Records from a data source:
╔══

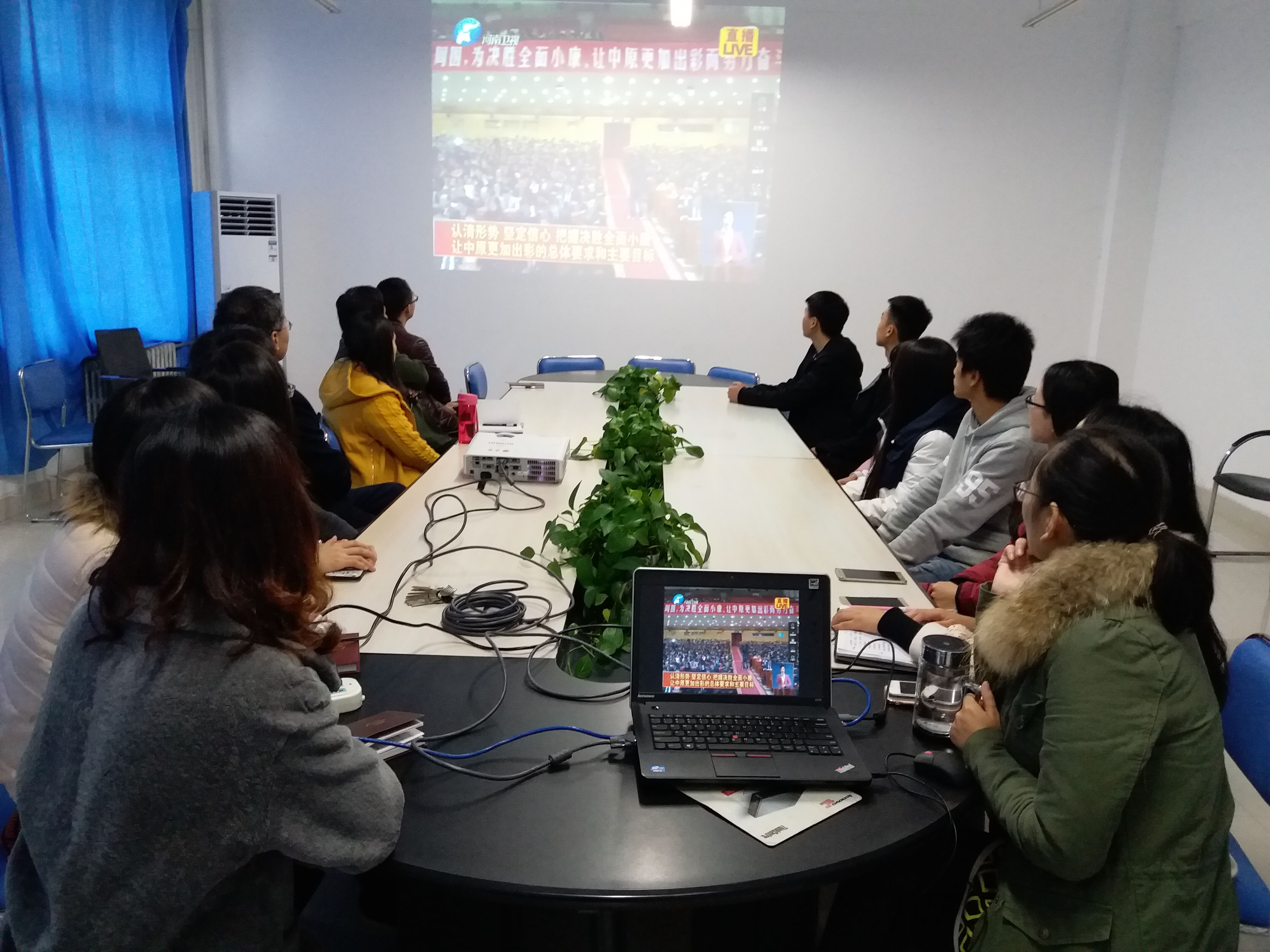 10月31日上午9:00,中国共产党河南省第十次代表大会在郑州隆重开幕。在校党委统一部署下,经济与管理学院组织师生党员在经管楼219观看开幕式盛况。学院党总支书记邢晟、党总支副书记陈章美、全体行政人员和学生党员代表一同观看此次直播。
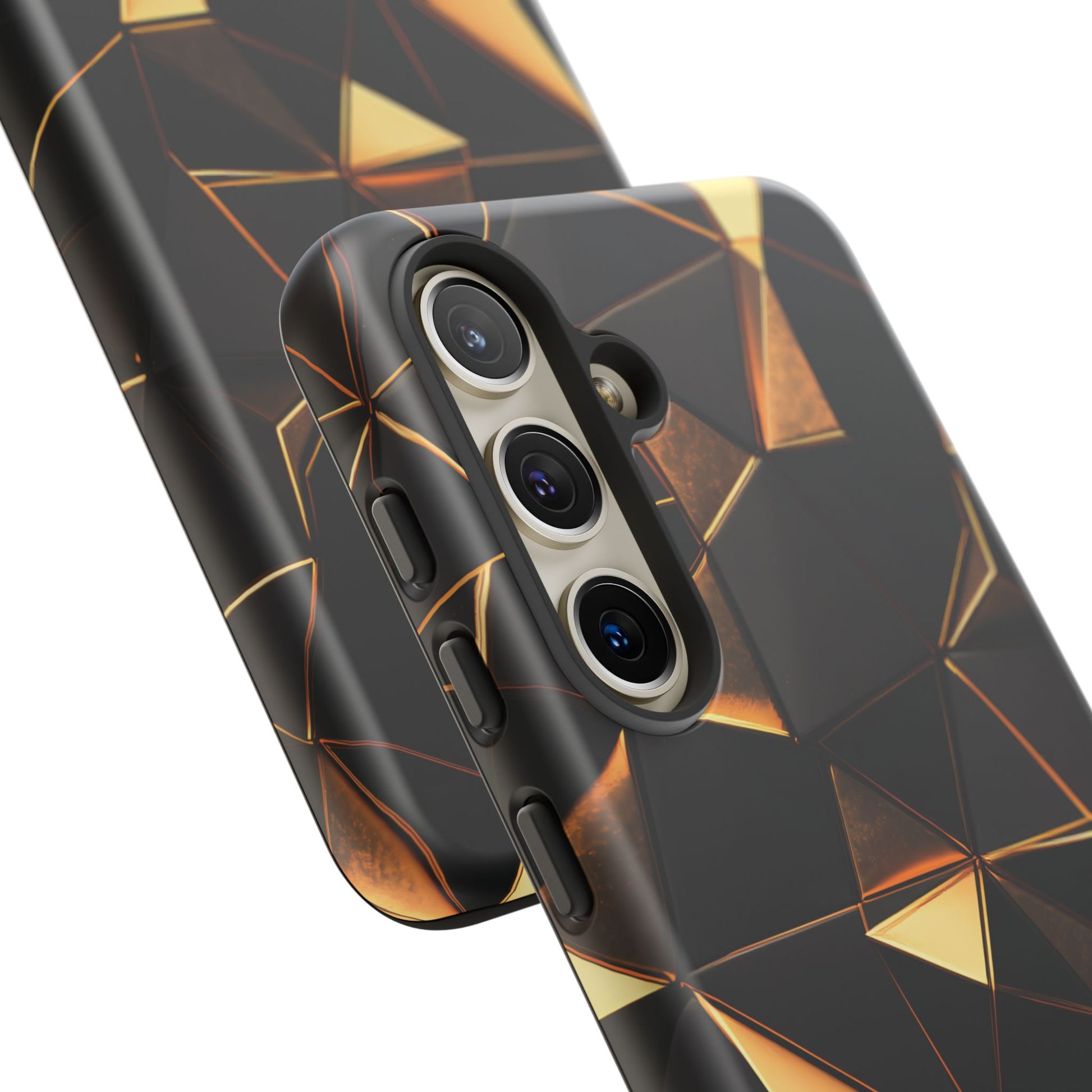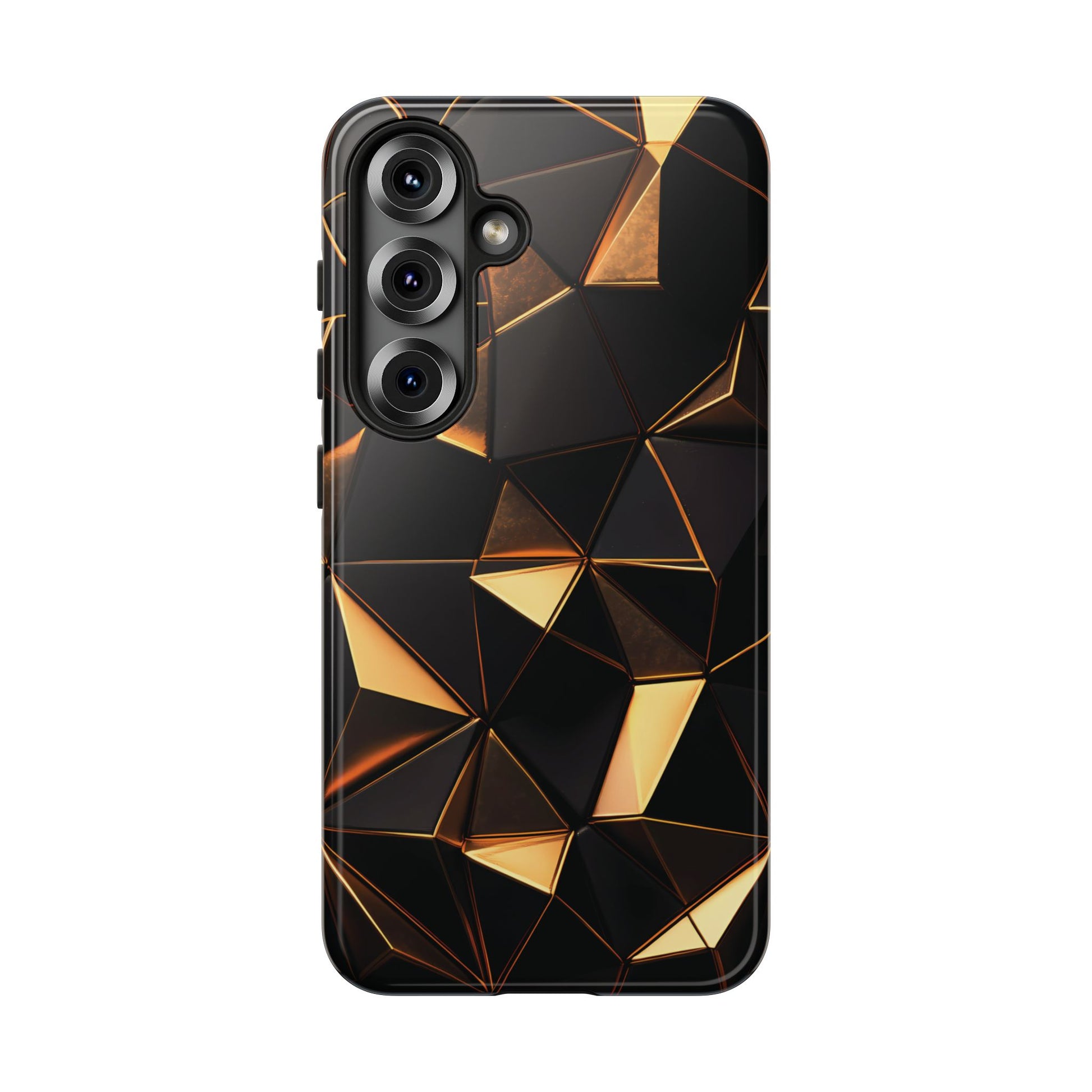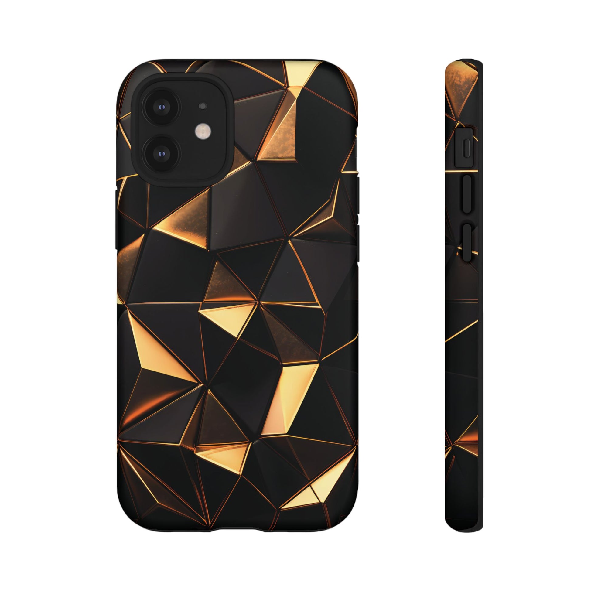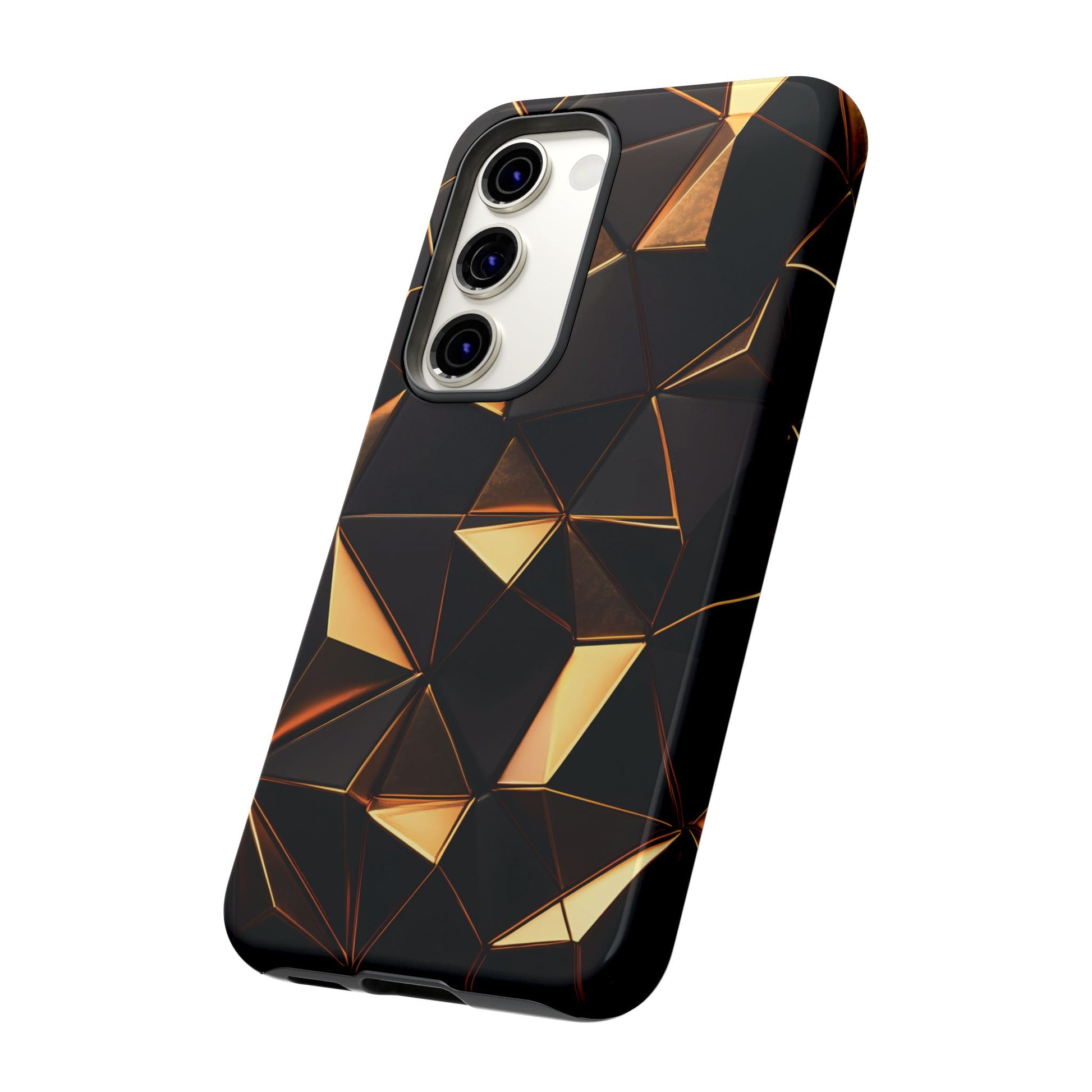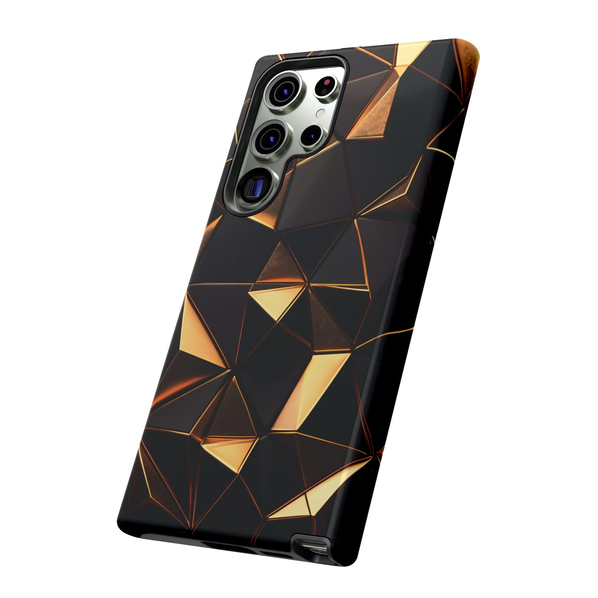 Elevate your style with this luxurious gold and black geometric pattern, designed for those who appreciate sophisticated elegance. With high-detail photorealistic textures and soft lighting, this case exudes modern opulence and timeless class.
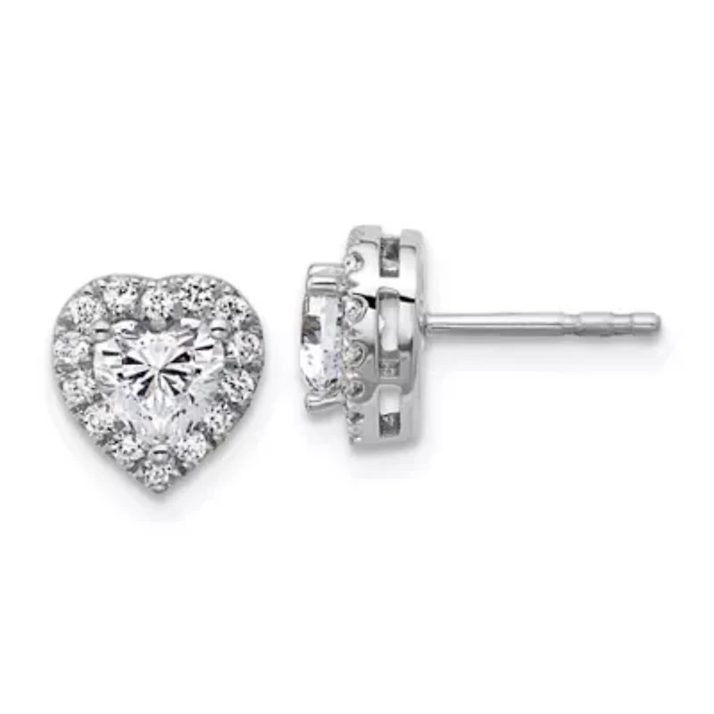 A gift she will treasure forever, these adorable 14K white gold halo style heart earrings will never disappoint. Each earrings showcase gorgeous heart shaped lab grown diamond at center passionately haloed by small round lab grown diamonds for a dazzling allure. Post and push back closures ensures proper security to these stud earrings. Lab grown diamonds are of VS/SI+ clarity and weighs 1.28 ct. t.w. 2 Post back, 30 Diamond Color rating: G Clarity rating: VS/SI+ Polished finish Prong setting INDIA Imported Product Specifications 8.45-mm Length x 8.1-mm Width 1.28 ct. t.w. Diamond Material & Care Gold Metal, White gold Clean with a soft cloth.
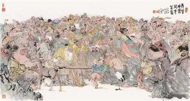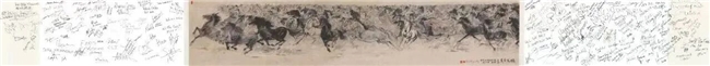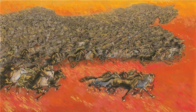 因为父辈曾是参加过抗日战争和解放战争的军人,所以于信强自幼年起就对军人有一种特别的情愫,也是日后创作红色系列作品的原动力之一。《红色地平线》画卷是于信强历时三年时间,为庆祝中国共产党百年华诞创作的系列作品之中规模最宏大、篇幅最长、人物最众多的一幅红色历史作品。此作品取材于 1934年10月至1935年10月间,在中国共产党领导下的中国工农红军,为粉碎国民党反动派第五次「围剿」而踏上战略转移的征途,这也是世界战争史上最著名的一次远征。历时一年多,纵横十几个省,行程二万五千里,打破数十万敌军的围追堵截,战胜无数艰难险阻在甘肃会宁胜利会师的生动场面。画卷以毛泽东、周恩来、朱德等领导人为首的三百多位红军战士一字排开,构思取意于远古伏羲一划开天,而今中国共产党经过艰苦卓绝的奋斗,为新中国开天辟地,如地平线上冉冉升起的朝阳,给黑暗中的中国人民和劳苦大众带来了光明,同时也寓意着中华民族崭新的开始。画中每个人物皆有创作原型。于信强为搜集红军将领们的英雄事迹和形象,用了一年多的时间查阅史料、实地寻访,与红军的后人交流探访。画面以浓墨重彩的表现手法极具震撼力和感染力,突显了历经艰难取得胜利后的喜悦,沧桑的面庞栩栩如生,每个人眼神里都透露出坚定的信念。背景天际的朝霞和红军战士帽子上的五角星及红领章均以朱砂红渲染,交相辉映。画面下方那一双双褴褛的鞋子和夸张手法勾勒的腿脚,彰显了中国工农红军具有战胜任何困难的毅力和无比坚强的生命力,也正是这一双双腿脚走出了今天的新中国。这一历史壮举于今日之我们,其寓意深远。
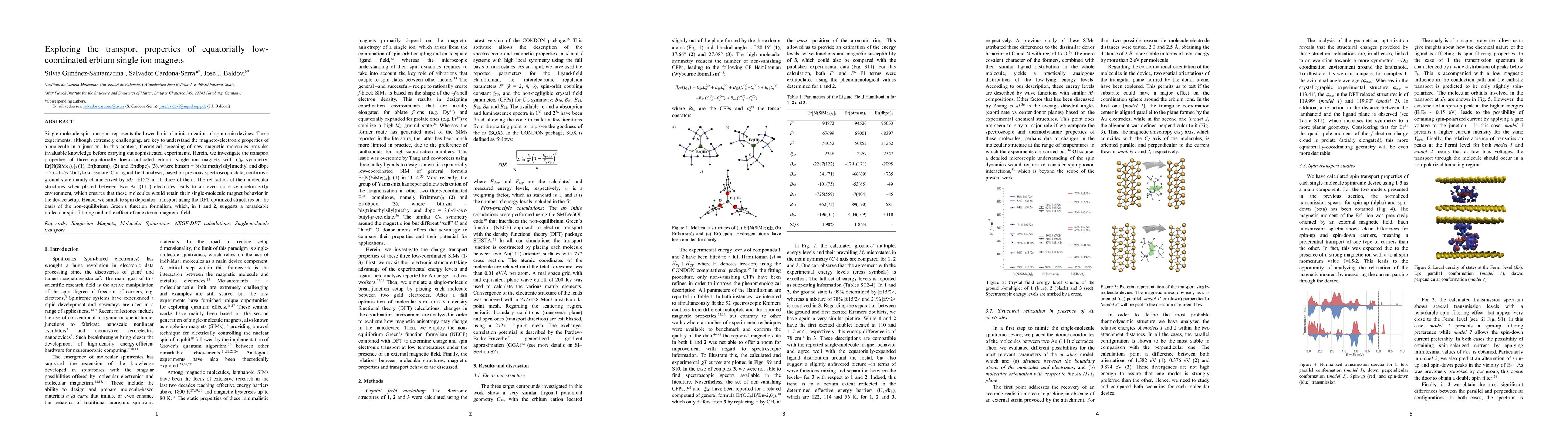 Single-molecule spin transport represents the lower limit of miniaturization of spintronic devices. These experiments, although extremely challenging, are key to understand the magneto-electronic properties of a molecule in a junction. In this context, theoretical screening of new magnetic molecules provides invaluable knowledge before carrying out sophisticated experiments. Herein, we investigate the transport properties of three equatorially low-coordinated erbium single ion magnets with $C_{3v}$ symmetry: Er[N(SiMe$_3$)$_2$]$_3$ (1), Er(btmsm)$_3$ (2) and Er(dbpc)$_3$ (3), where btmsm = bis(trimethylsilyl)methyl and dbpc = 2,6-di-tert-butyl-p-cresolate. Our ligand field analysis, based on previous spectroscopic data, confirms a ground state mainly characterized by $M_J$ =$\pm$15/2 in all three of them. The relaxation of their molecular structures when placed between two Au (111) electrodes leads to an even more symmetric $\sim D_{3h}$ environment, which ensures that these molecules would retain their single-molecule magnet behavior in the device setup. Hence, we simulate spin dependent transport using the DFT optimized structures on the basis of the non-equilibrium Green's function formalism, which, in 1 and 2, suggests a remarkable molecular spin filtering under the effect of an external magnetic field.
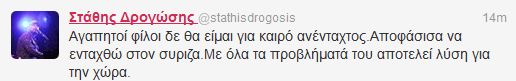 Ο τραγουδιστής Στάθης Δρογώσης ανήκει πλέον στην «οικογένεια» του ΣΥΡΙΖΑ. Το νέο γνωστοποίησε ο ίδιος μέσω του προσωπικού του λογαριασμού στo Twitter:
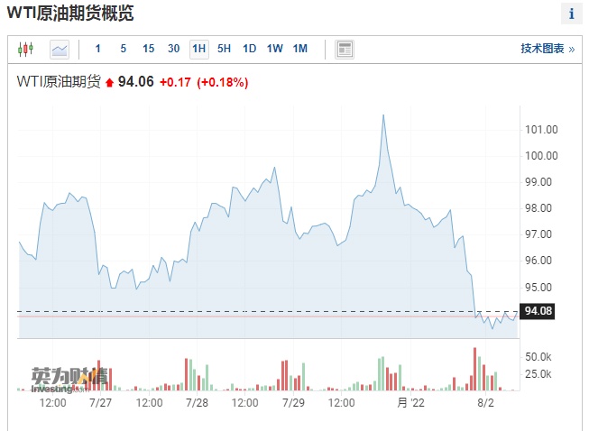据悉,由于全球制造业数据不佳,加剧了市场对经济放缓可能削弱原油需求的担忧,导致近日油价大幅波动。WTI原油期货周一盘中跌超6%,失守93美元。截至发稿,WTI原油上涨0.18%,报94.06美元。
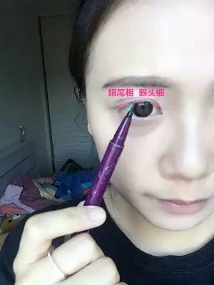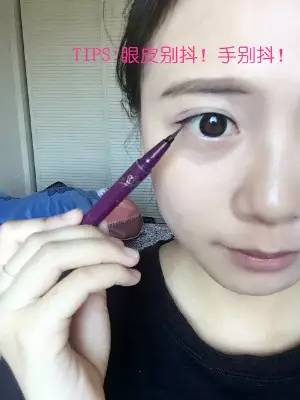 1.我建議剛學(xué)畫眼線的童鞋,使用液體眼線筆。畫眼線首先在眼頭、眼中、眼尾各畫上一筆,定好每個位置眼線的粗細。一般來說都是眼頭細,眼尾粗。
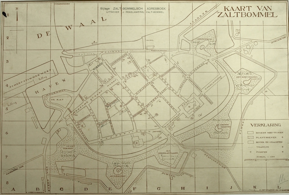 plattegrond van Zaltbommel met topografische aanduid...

╚══

ASSIGNMENT:
Leaving out the pictures, return exactly the lines from the one that contains "1.我建議剛學(xué)畫眼" through the last line of the records above, inclusive.

RESPONSE AREA:
 1.我建議剛學(xué)畫眼線的童鞋,使用液體眼線筆。畫眼線首先在眼頭、眼中、眼尾各畫上一筆,定好每個位置眼線的粗細。一般來說都是眼頭細,眼尾粗。
 plattegrond van Zaltbommel met topografische aanduid...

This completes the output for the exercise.